Wine - the organic way
Over the years various studies have shown wine in moderation can actually be good for us. But a South Island grape grower is not content for his produce to just be good for you - he wants to make a glass of wine a completely natural experience.
Amongst his overgrowth you will find mushrooms, asparagus, raspberries and the vines which produced New Zealand's first certified organic sauvignon blanc and pinot noir.
It is all a bit wild, and that is exactly how Lars Jensen likes it.
"To a conventional grape grower this would look quite uncontrolled and quite scary," he says. "There's growth everywhere and it's out of control.
And to a certain extent Richmond Plains is uncontrolled.

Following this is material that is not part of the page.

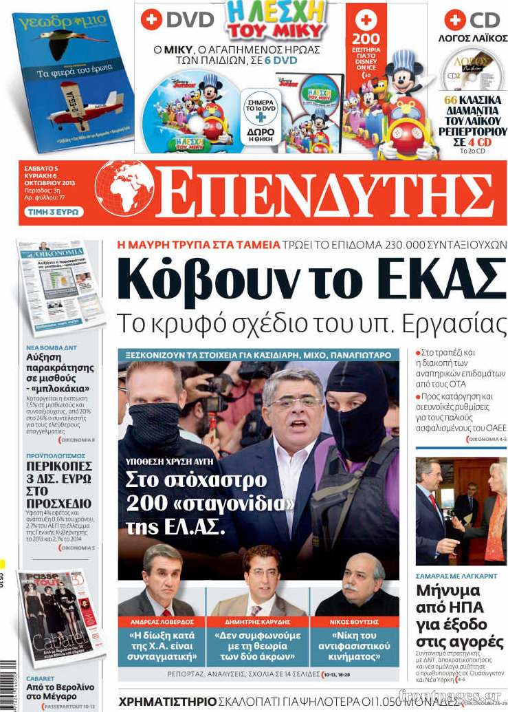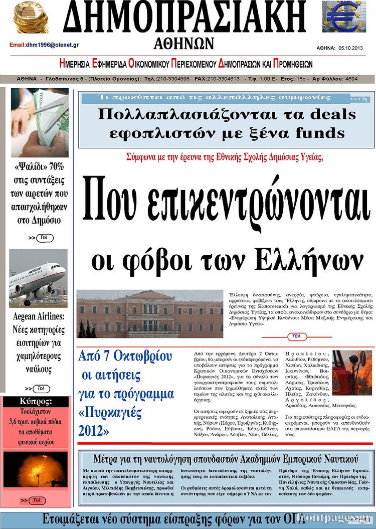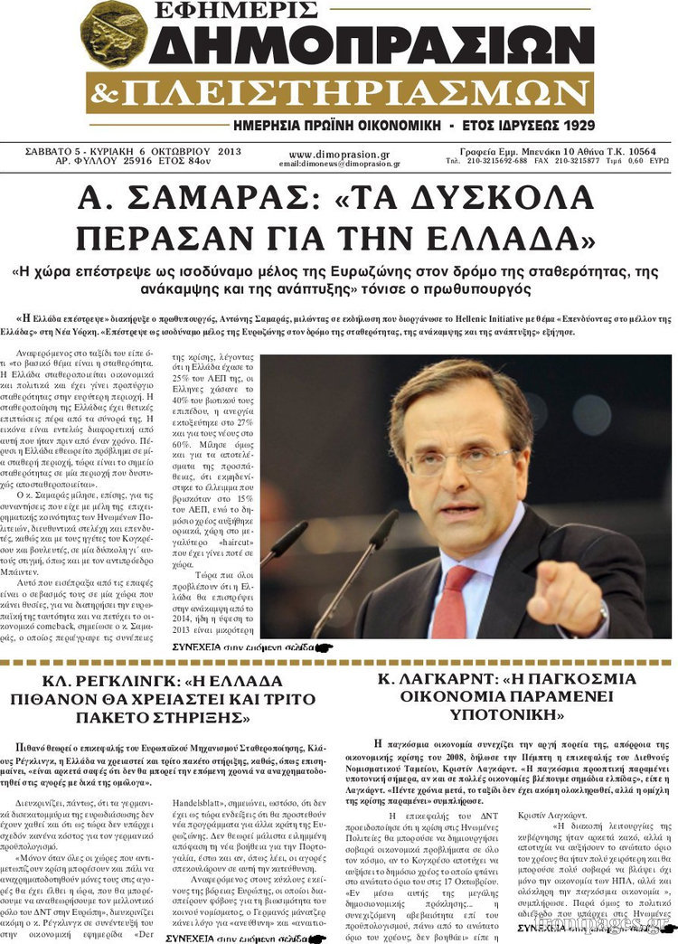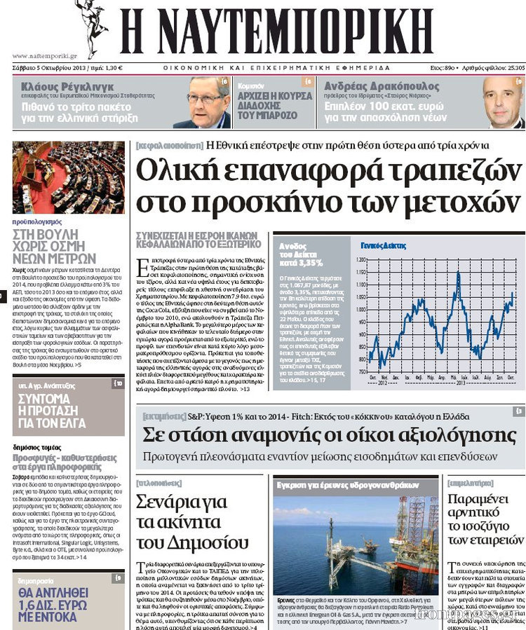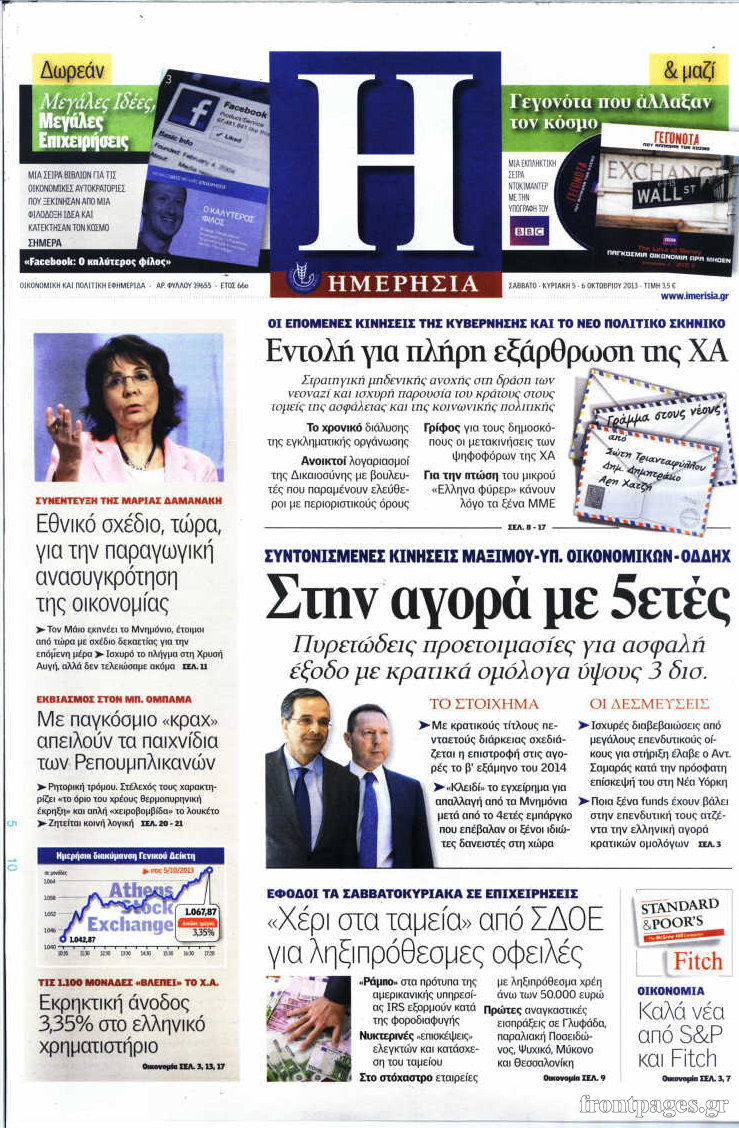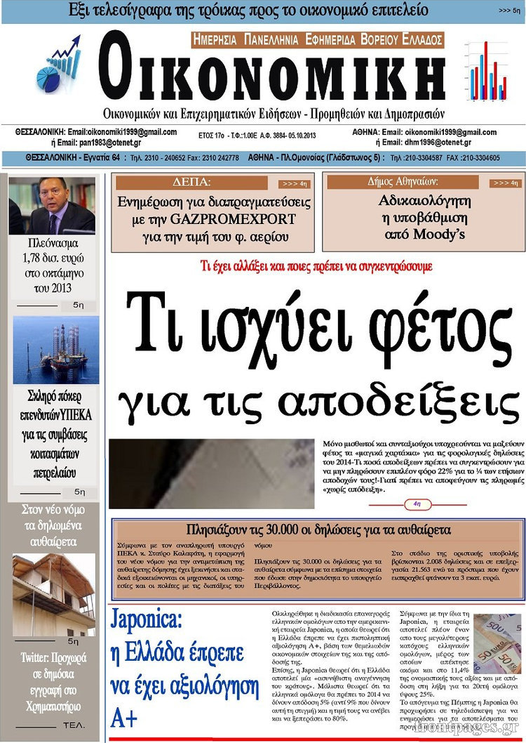 Οι οικονομικές εφημερίδες Enikos Newsroom 08:42, Σάββατο 05 Οκτωβρίου 2013 Media Οι οικονομικές εφημερίδες Διαβάστε τα πρωτοσέλιδα των οικονομικών εφημερίδων. ΕΦΗΜΕΡΙΔΕΣ ΟΙΚΟΝΟΜΙΚΕΣ ΕΦΗΜΕΡΙΔΕΣ ΠΡΩΤΟΣΕΛΙΔΑ Μοιράσου το: σχολίασε κι εσύ (0 σχόλια) Ακολουθήστε το enikos.gr στο Google News και μάθετε πρώτοι όλες τις ειδήσεις Δείτε όλες τις τελευταίες ειδήσεις από την Ελλάδα και τον Κόσμο στο enikos.gr Ειδήσεις Ροή Ειδήσεων 32 λεπτά πριν Πώς στήθηκε η επιχείρηση «Ίπαλλος» που οδήγησε στη σύλληψη του «Έλληνα Εσκομπάρ» – «Ο πόλεμος ενάντια στους εμπόρους ναρκωτικών θα συνεχιστεί» 17 λεπτά πριν Δίκη Χρυσής Αυγής: Την ενοχή και των 42 κατηγορουμένων ζητά η εισαγγελέας 37 λεπτά πριν Κυψέλη: Στη φυλακή η 16χρονη που μαχαίρωσε συμμαθήτριά της 3 ώρες πριν Αμοργός: «Θα προσπαθήσω να το κάνω κάθε μέρα» – Ποιος είναι ο αγρότης που έστησε μόνος του το πρώτο μπλόκο στο νησί 2 ώρες πριν Τραγωδία στην Αλεξανδρούπολη: Παιδάκι 3 ετών μεταφέρθηκε νεκρό από τη μητέρα του στο νοσοκομείο 42 λεπτά πριν Τα 3 ζώδια που θα δουν τη ζωή τους να αλλάζει ριζικά το 2026 – «Όλα γίνονται καλύτερα σταδιακά» 6 ώρες πριν «Δεν είχα κλάψει από τότε που διαγνώστηκα με καρκίνο, ώσπου ένα τηλεφώνημα με έκανε να λυγίσω» – Η συγκλονιστική εξομολόγηση ενός άνδρα 2 ώρες πριν Ο σπάνιος σεισμός που έλυσε τα χέρια των επιστημόνων – Αποκάλυψε ακριβώς όσα αναζητούσαν 7 ώρες πριν 20 χρόνια τα Χριστούγεννα ξεκινούν στα Public με μεγάλη ποικιλία σε δώρα! 4 λεπτά πριν Θεσσαλονίκη: Ακυρώνονται τρεις παραστάσεις του ΚΘΒΕ λόγω στάσης εργασίας των εργαζομένων 10 λεπτά πριν Τραγωδία στην Αχαΐα: 48χρονος κατέρρευσε στο κυνήγι μπροστά στα μάτια του πατέρα του 17 λεπτά πριν Δίκη Χρυσής Αυγής: Την ενοχή και των 42 κατηγορουμένων ζητά η εισαγγελέας 18 λεπτά πριν Μαρκέλλα Γιαννάτου: «Είμαι κοντά στα 14 χρόνια σε ψυχανάλυση – Είχα αρχίσει να έχω κρίσεις άγχους, νόμιζα ότι θα πεθάνω» 25 λεπτά πριν Υπουργείο Αγροτικής Ανάπτυξης: Πώς θα γίνει η πληρωμή αγροτεμαχίων έως 20 στρέμματα παρά τα ζητήματα ΚΑΕΚ ENIKOS NETWORK Σοβαροί κίνδυνοι από τη λάθος χορήγηση φαρμάκου για τις αιμορραγίες-Συστάσεις προς τους γιατρούς 5 πράγματα που αποφεύγει γαστρεντερολόγος για να μειώσει τον κίνδυνο καρκίνου του εντέρου Eurostat: Κάτω από την αρχική εκτίμηση της Υπηρεσίας ο πληθωρισμός στην Ελλάδα τον Νοέμβριο του 2025 – Tα στοιχεία για την ... Συντάξεις Ιανουαρίου 2026: Σε ποιους θα πιστωθούν την Πέμπτη τα χρήματα και τι αυξήσεις θα δοθούν – Δείτε αναλυτικά παραδεί... Χαρτογραφώντας το «σημείο χωρίς επιστροφή»: Για πρώτη φορά αποκαλύπτεται με λεπτομέρεια το ακανθώδες όριο της ατμόσφαιρας τ... Η Google καταργεί τη λειτουργία «dark web report» – Πώς θα μπορούν οι χρήστες να διαγράφουν τα δεδομένα τους περισσότερα 12:35 , Τετάρτη 17 Δεκεμβρίου 2025 Μίρκα Παπακωνσταντίνου: «Δεν ήμουν αισιόδοξη για τα νούμερα – Είμαι ρεαλίστρια» Στα γυρίσματα του εορταστικού επεισοδίου της αγαπημένης σειράς “Το Σόι Σου”, βρέθηκε η κάμερα ... 12:12 , Τετάρτη 17 Δεκεμβρίου 2025 Ακούστε την εκπομπή του Νίκου Χατζηνικολάου 17/12/2025 Ακούστε την εκπομπή του Νίκου Χατζηνικολάου στον ραδιοφωνικό σταθμό RealFm 97,8, την Τετάρτη 1... 11:35 , Τετάρτη 17 Δεκεμβρίου 2025 Home Alone: Το σπίτι της ταινίας θα ανακαινιστεί – Επιστροφή στην αισθητική της δεκαετίας του ’90 Οι νέοι ιδιοκτήτες του πραγματικού σπιτιού που παρουσιάζεται στην κλασική ταινία του 1990 «Hom... 11:25 , Τετάρτη 17 Δεκεμβρίου 2025 Grand Hotel: Απόψε το τελευταίο επεισόδιο της χρονιάς – Όλα τα μυστικά μέν

In the organic world success often comes down to what you don't do.
"You don't use synthetic chemicals or pesticides, fungicides, herbicides."
The Nelson vineyard's been organic since it began in 1991, when organic was far from fashionable.
"Back then people probably considered you a bit of a fruit loop if you were doing anything, let alone making organic wine," says Mr Jensen.
But being fruity suits this boutique vineyard. There are 27 different species of plants within arm's reach at any given spot.
Biodiversity is key, making this a five-hectare haven for plants and insects.
"We try and go for a balance in the vineyard, so we don't spray for those insects," says Mr Jensen. "We just allow things to work in harmony so one insect will eat another, and it's nature's way of keeping things in balance."
While experts say organic and non-organic wine tastes the same, over the past decade the demand for organic wine has grown.
"If you can make your wine organically, obviously you're showing more care and attention toward the environment so sure there's a lot of growth towards that," says wine judge Raymond Chan.
His vineyard's eco-conscience extends beyond the vines. It produces around 40,000 bottles of wine a year and exports to 10 countries. To minimise its environmental impact, bottles are made from mostly recycled glass and weigh less when they are full than some bottles do empty.
When you are producing carbon negative grapes, for certified organic wine aiming to be in balance with the environment, it pays to stick to Mother Nature's rules.